▶ _What to work on_
Reproduce the records word for word, apart from the images they contain.

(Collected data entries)
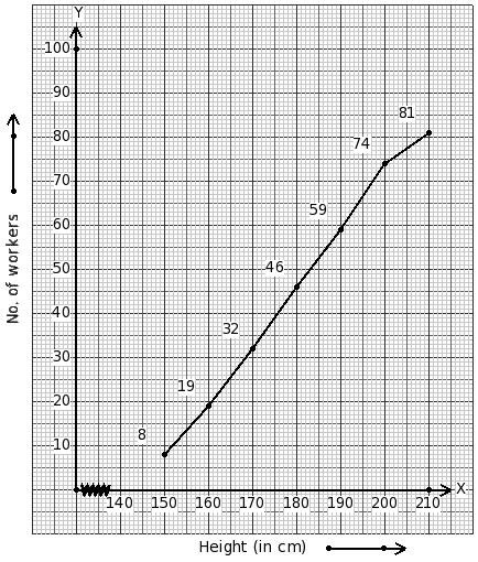 The following ogive shows the distribution of the heights of a group of factory workers. Estimate the median.
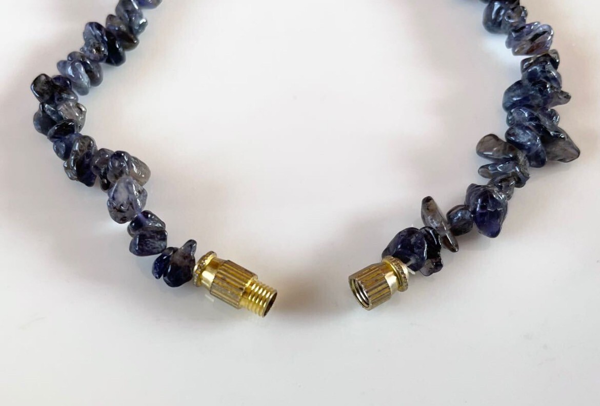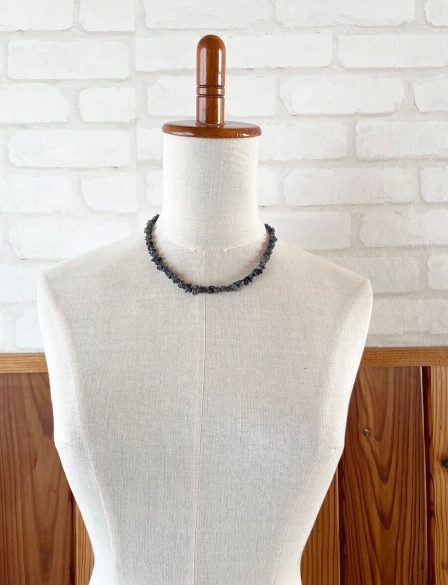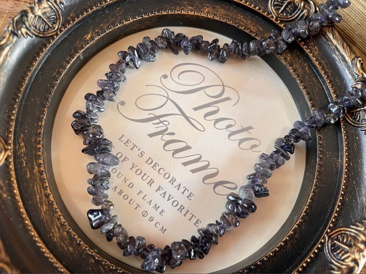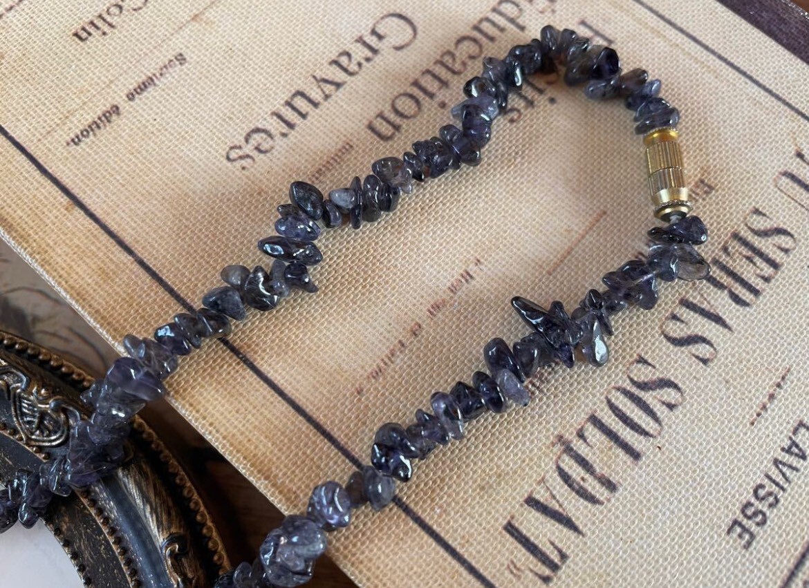 こちら暗めのアイオライト約5mm前後のさざれ石のネックレスになります。
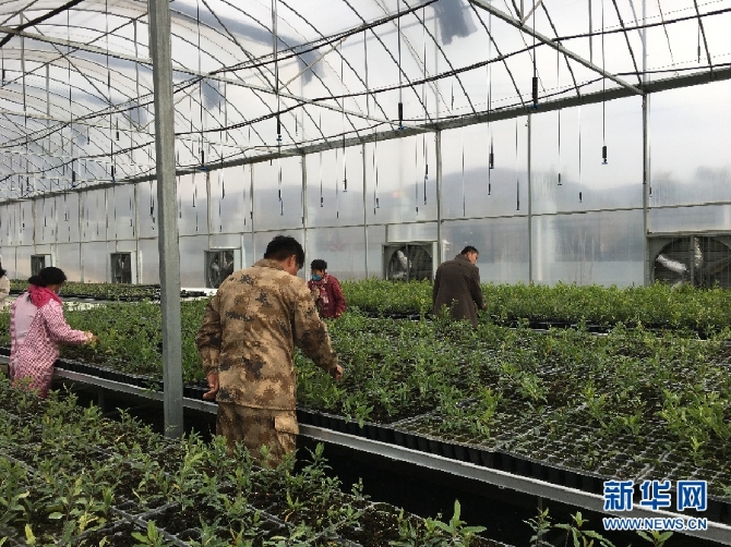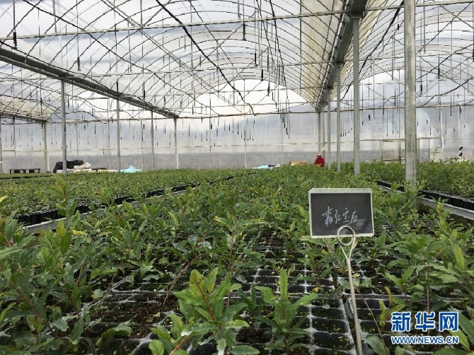 (在温室中培育的多品种石榴苗。 新华网 于杨 摄)
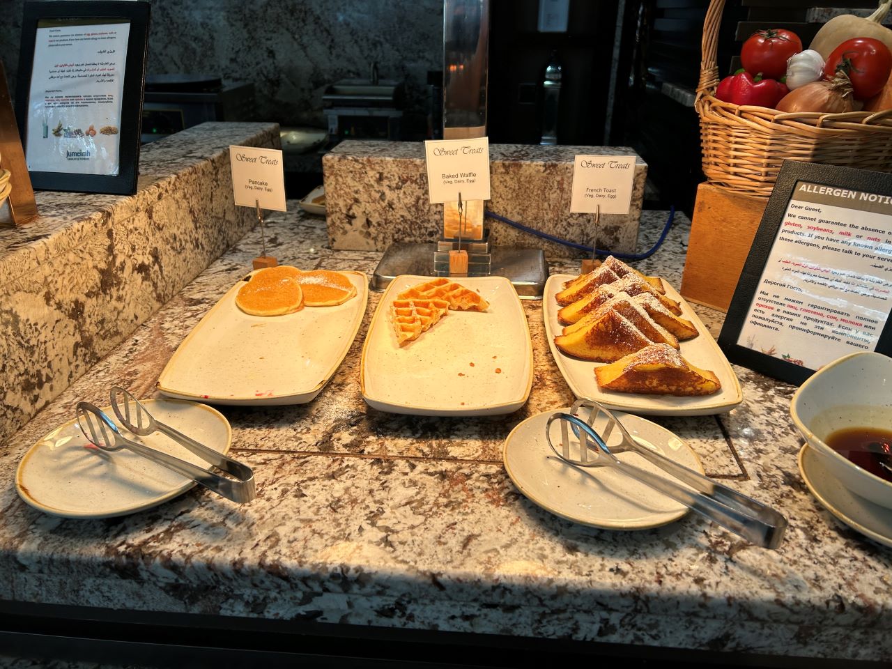 Breakfast was also served in the Mundo restaurant, and although it may look smaller than some of Dubai’s large hotel buffets, it packed a lot in. This was my favourite breakfast of the trip due to the wide selection of great quality food, helpful and attentive staff as well as the fact that it was not too crowded. Like dinner, it had food from around the world.
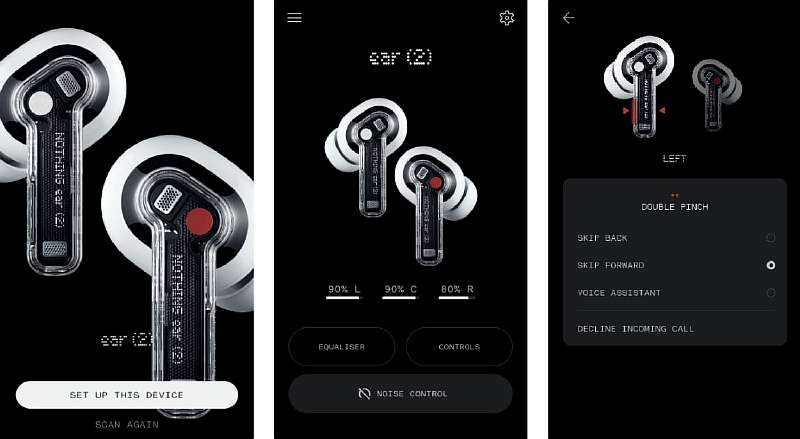 Nothing Ear (2) оснащены сенсорными датчиками, расположенными на ножках наушников, и управляются они щипками, как в AirPods Pro. В нашем распоряжении широкий спектр взаимодействий, и что важно, возможность редактировать их практически любым способом.
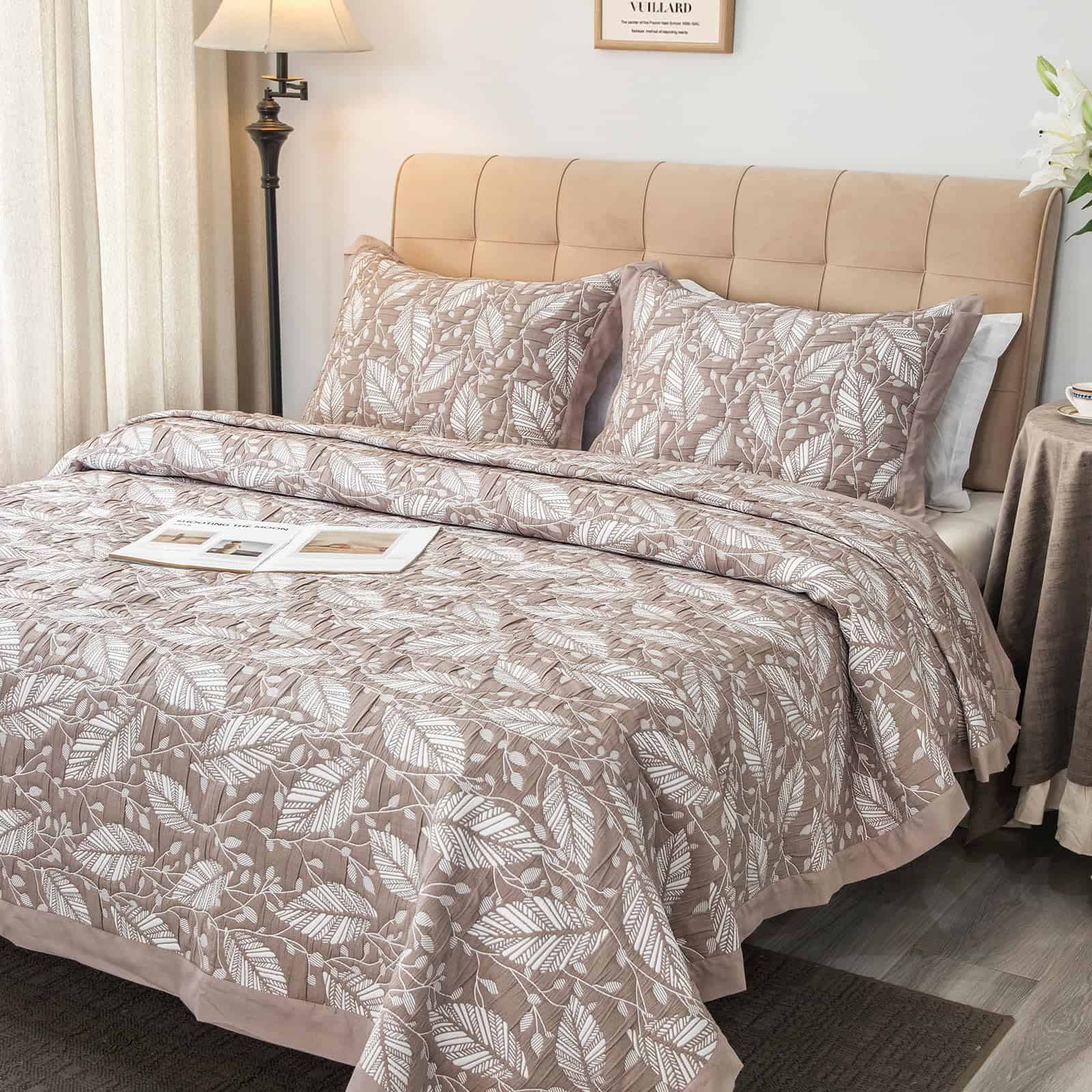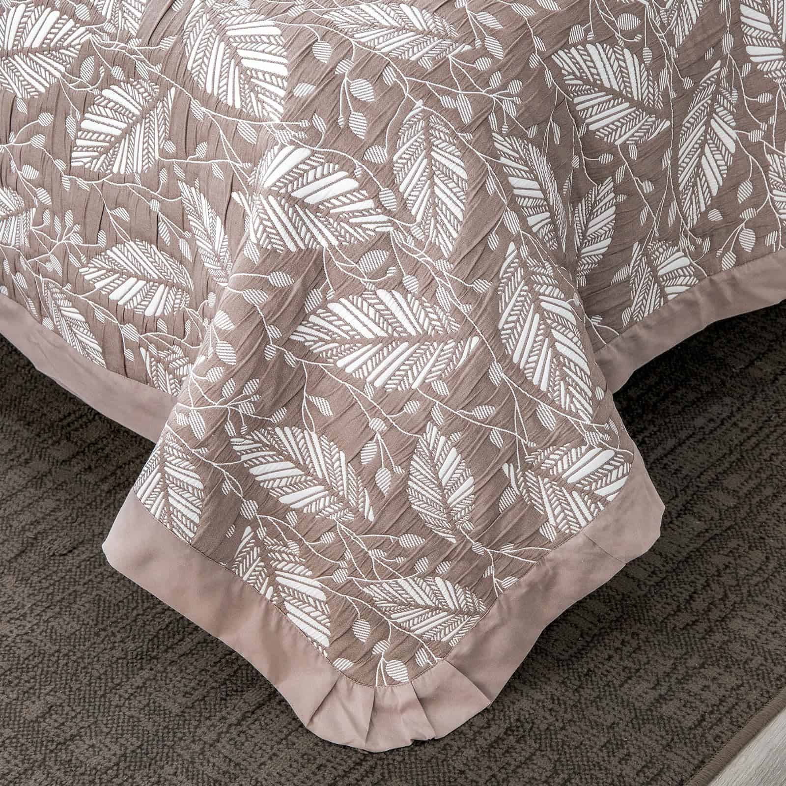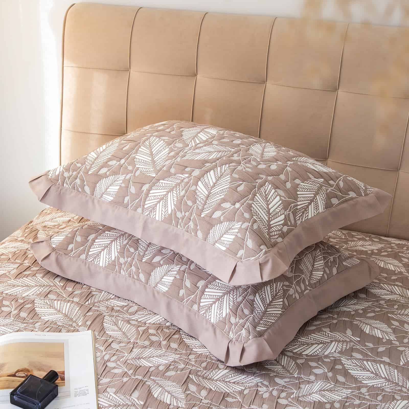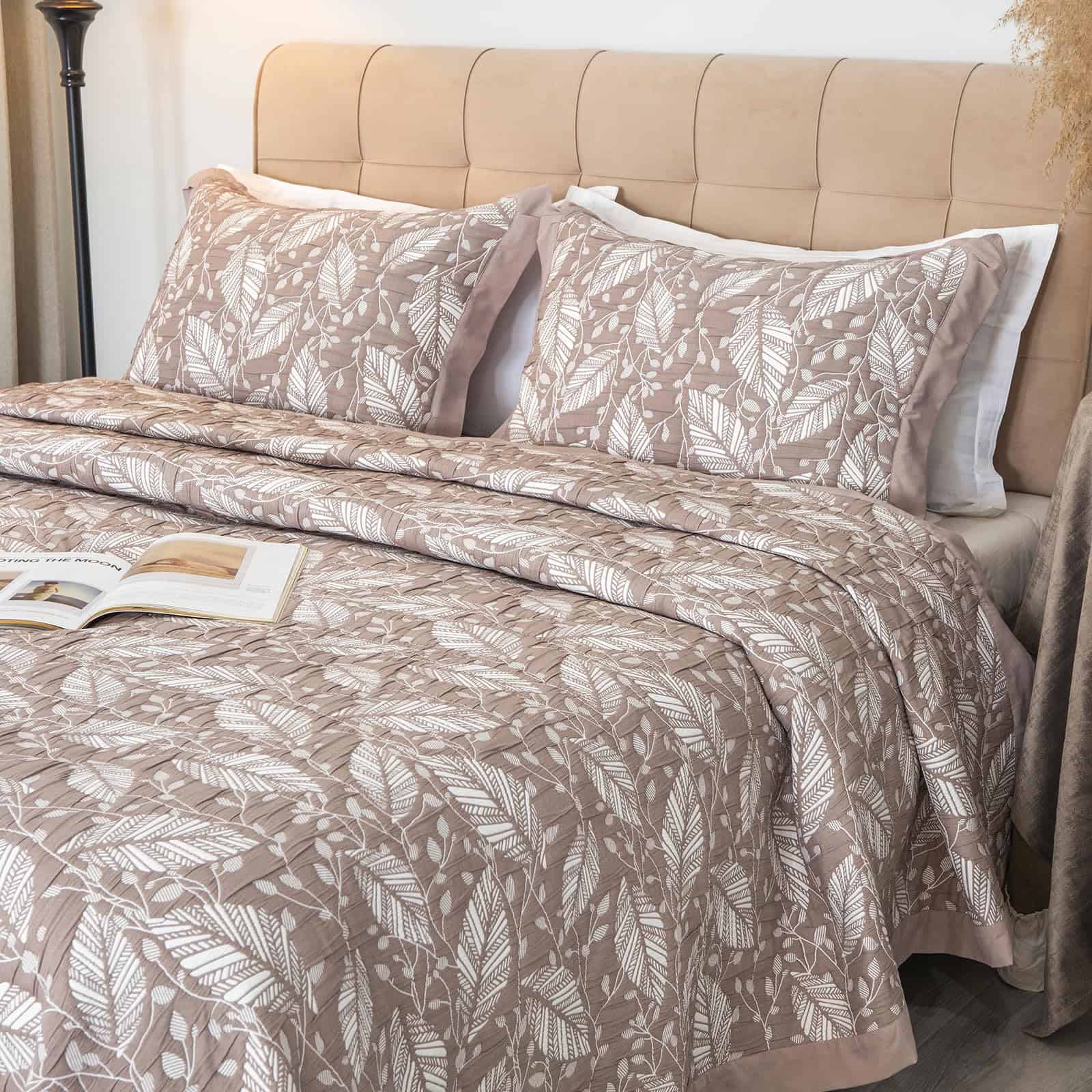 Exquisito diseño de hojas color marfil y café en jacquard, como el bajorrelieve en el palacio vintage, que hacen que los detalles del patrón sean más ricos y tridimensionales. La tela de jacquard teñida de hilos pesados y densos premium, la exquisita confección y costura hacen que los juegos de edredón sean más confiables, pero también transpirables y acogedores. Conveniente para su uso en todas las temporadas. Los bordes plisados hechos a mano liberan elegancia y estilo de lujo, un dibujo jacquard vibrante adecuado para decorar tu habitación y habitación de huéspedes. La comodidad tranquila y serena ofrece una manera elegante de actualizar tu hogar.

▶ _Response to this exercise_
 The following ogive shows the distribution of the heights of a group of factory workers. Estimate the median.
 こちら暗めのアイオライト約5mm前後のさざれ石のネックレスになります。
 (在温室中培育的多品种石榴苗。 新华网 于杨 摄)
 Breakfast was also served in the Mundo restaurant, and although it may look smaller than some of Dubai’s large hotel buffets, it packed a lot in. This was my favourite breakfast of the trip due to the wide selection of great quality food, helpful and attentive staff as well as the fact that it was not too crowded. Like dinner, it had food from around the world.
 Nothing Ear (2) оснащены сенсорными датчиками, расположенными на ножках наушников, и управляются они щипками, как в AirPods Pro. В нашем распоряжении широкий спектр взаимодействий, и что важно, возможность редактировать их практически любым способом.
 Exquisito diseño de hojas color marfil y café en jacquard, como el bajorrelieve en el palacio vintage, que hacen que los detalles del patrón sean más ricos y tridimensionales. La tela de jacquard teñida de hilos pesados y densos premium, la exquisita confección y costura hacen que los juegos de edredón sean más confiables, pero también transpirables y acogedores. Conveniente para su uso en todas las temporadas. Los bordes plisados hechos a mano liberan elegancia y estilo de lujo, un dibujo jacquard vibrante adecuado para decorar tu habitación y habitación de huéspedes. La comodidad tranquila y serena ofrece una manera elegante de actualizar tu hogar.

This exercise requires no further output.